Surgery – Controlled release therapeutic device or system
Reexamination Certificate
2002-06-27
2004-12-28
Page, Thurman K. (Department: 1615)
Surgery
Controlled release therapeutic device or system
C604S891100, C604S093010, C604S131000, C604S132000, C604S133000, C424S422000, C424S449000
Reexamination Certificate
active
06835194
ABSTRACT:
FIELD OF THE INVENTION
The invention relates to devices and methods for the management of pain. Particularly, the invention relates to an implanted drug delivery device used to deliver a potent pain-killing drug over a protracted period of time.

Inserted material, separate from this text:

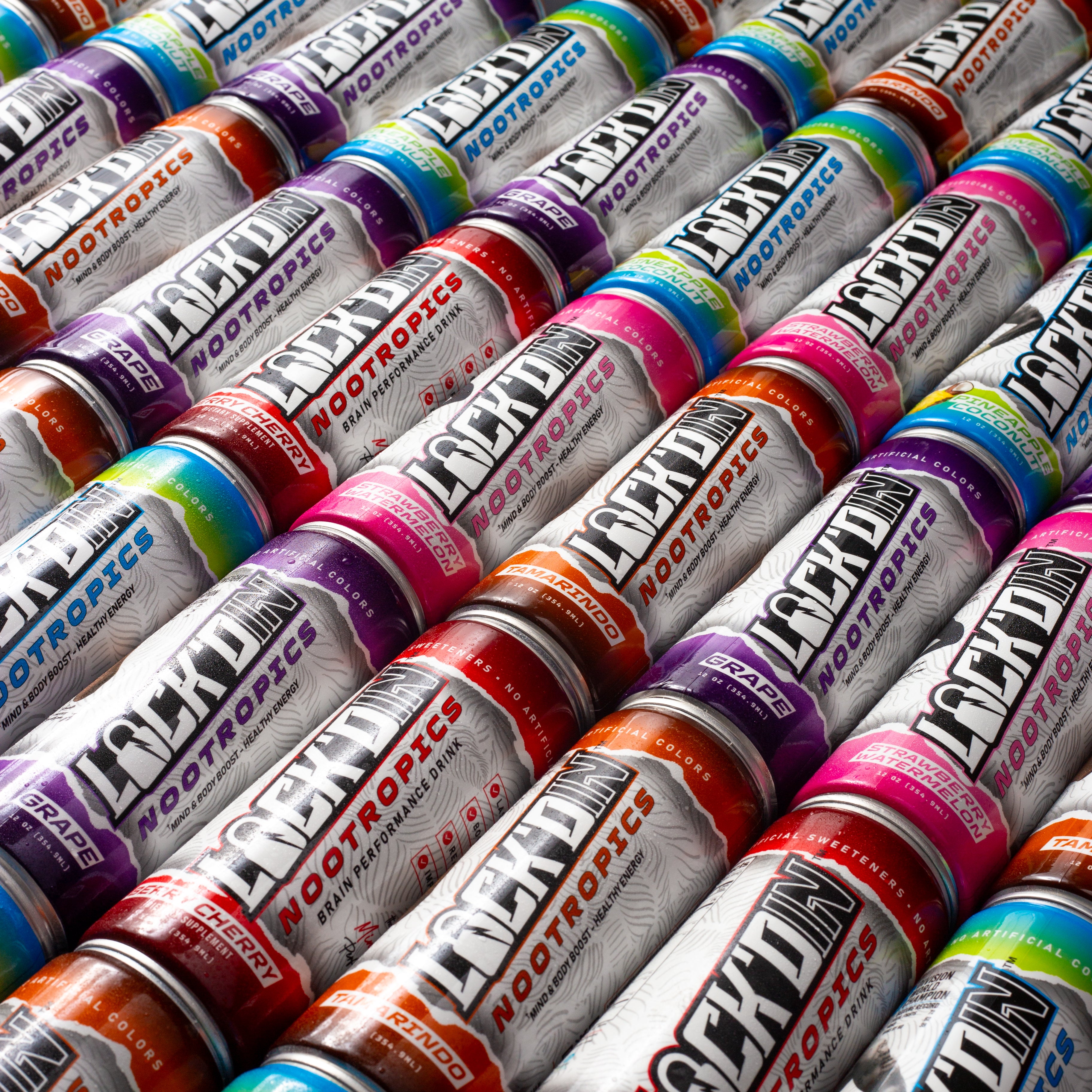 Nootropic-enhanced energy drinks designed to fuel your brain and boost your grind.

BACKGROUND OF THE INVENTION
Many medications are used for the treatment of pain, ranging from well known, over-the-counter compounds such as aspirin, acetaminophen, ibuprofen and other non-steroidal anti-inflammatory compounds to the newly developed chemical entities such as the cyclooxygenase II inhibitor compounds. Opiates in various forms, including opium, heroine and morphine which derive from the opium poppy, have very powerful analgesic properties. Opiates have been widely used for anesthesia as well for the treatment of pain, especially where the pain is very severe. In addition to these natural opiates, many synthetic opioids have since been synthesized including methadone, fentanyl and congeners of fentanyl such as sufentanil, alfentanil, lofentanil, carfentanil, remifentanil, etc. Of the opioids, morphine is still the drug of choice for management of pain at least in part due to its low cost, the ability of the drug to provide relief from pain of a variety of origins, and the vast experience with this drug. Despite its therapeutic advantages and vast experience with the drug, many pain management experts believe that morphine and other opioids are under-prescribed for patients who require long-term pain therapy.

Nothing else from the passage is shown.